International career
- 1968: United States / 6 / (0)

= Carl Gentile =

American soccer player

Carl Gentile is a former U.S. soccer forward. He played one season in the National Professional Soccer League and two in the North American Soccer League, all three with the St. Louis Stars. He also earned six caps with the U.S. national team in 1968.

==Youth==
Gentile grew up in St. Louis, Missouri where he graduated from Christian Brothers College High School in 1962. He is a member of the CBC Alumni Hall of Fame. Gentile went on to play for St. Louis University, gaining first team All-American recognition in 1965. That year St. Louis also won the NCAA championship. In 2009, Gentile was named to the St. Louis University Men's Soccer Half-Century Team.

==Professional==
In 1967, Gentile signed with the St. Louis Stars of the National Professional Soccer League (NPSL). When the NPSL merged with the United Soccer Association in 1968 to form the North American Soccer League (NASL), the Stars moved to the NASL. Gentile played the 1968 NASL season, then left the team. He returned for the 1971 NASL season.
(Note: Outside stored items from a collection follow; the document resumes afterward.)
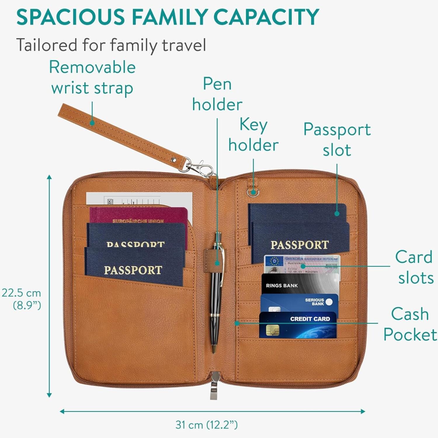 Είναι ειδικά σχεδιασμένο για οικογενειακά ταξίδια, καθώς το πορτοφόλι διαθέτει 6 υποδοχές για διαβατήρια, 4 θήκες για κάρτες, 2 τσέπες για εισιτήρια, επιπλέον χώρους για χρήματα και ταξιδιωτικά έγγραφα, 1 υποδοχή για στυλό και 1 υποδοχή για κλειδί. Επιπλέον, εξωτερικά είναι σχεδιασμένο με 2 τσέπες για εισιτήρια και ταξιδιωτικά έγγραφα και 1 τσέπη με φερμουάρ.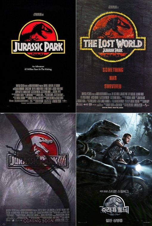 왼쪽부터 ‘쥬라기 공원’ 1편 2편 3편 그리고 ‘쥬라기 월드’ 포스터. 사진|IMDB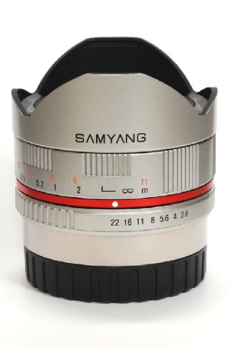 Samyang Objectif à mise au à mise au poing manuelle Fisheye F2.8 pour Fuji X Argenté. à mise au poing manuelle Fisheye F2.8 pour Fuji X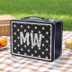 Custom Monogrammed Black and White Weaved Pattern Metal Lunch Box
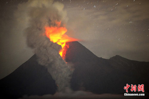 11月3日,位于印度尼西亚中爪哇省的默拉皮火山发生自10月26日以来的最大规模喷发,炽热的烟灰高达数千米,浓烟漂浮了15公里。

==Olympic and national teams==
In 1964, Gentile joined the U.S. Olympic team as it attempted, but ultimately failed, to qualify for the 1964 Summer Olympics. The U.S. lost its first match of qualifying on March 16 when Surinam defeated the U.S. 1-0. Gentile scored three goals two days later in a 4–2 win over Panama. He scored again two days later in a 2–1 loss to Mexico which put the U.S. out of contention for the tournament.

Gentile earned his first cap with the U.S. national team on September 15, 1968. A month later he earned his second cap, this time as a defender in a 6–3 victory over Haiti. He then played three 1970 FIFA World Cup qualification matches, all three wins, the first over Canada and the next two over Bermuda.

==Other sports==
Gentile played professional baseball in the New York Mets farm system and attempted to become a professional American football kicker, trying out for the Houston Oilers in 1970. He remained on the Oiler taxi squad for one season.

==Coaching==
Gentile now coaches with the St. Louis Soccer Club, now known as Saint Louis Scott Gallagher.

He was inducted into the St. Louis Soccer Hall of Fame on October 20, 1995.